Abstract

A digital elevation model (DEM) is a topographic representation of a bare surface, usually referring to the Earth’s surface. DEMs have been used for flood assessment, landside hazard detection, soil properties’ quantification, road and highway planning, etc. Recently, DEMs generated using small unmanned aircraft systems (sUAS) have shown potential in transportation infrastructure inspection. In this study, we evaluated the performance of sUAS-collected DEM data to detect airfield pavement distresses. Natural-color red-green-blue (RGB) data were collected from both Portland cement concrete (PCC) and asphalt concrete (AC) pavements at three airports with UAS. The data were processed to generate an RGB optical orthophoto using close-range photogrammetry, and one product of that process was a DEM representing the airfield pavement in three-dimensional space.
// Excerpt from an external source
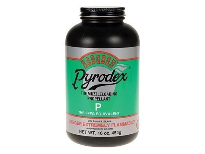 Hodgdon Pyrodex P is intended to be a direct replacement for FFFg Black powder when measured volumetrically using a black powder measure. The principal uses for Pyrodex P are in muzzleloading pistols, cap and ball revolvers, and in small bore, muzzleloading rifles. Like all grades of Pyrodex, it burns cleaner and produces less fouling than blackpowder.
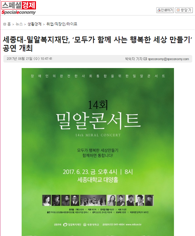 [스폐셜경제] 세종대-밀알복지재단, ‘모두가 함께 사는 행복한 세상 만들기’ 공연 개최

The resolution of the generated DEMs varied from 2.8 mm/pix to 84 mm/pix based on sUAS sensors, flying altitude, and parameters selected for RGB data processing. The DEMs were studied for their usefulness in visually identifying 14 PCC pavement distresses and nine AC pavement distresses. Analysis showed that DEM with 6 mm/pix resolution or better can be useful for detecting one or more severity levels of 13 PCC pavement distresses and 6 AC pavement distresses. High-resolution DEMs were also useful in identifying distresses related to elevation differences, such as shoving, depression, and faulting. This study illustrates the potential of DEM data in airfield pavement distress detection.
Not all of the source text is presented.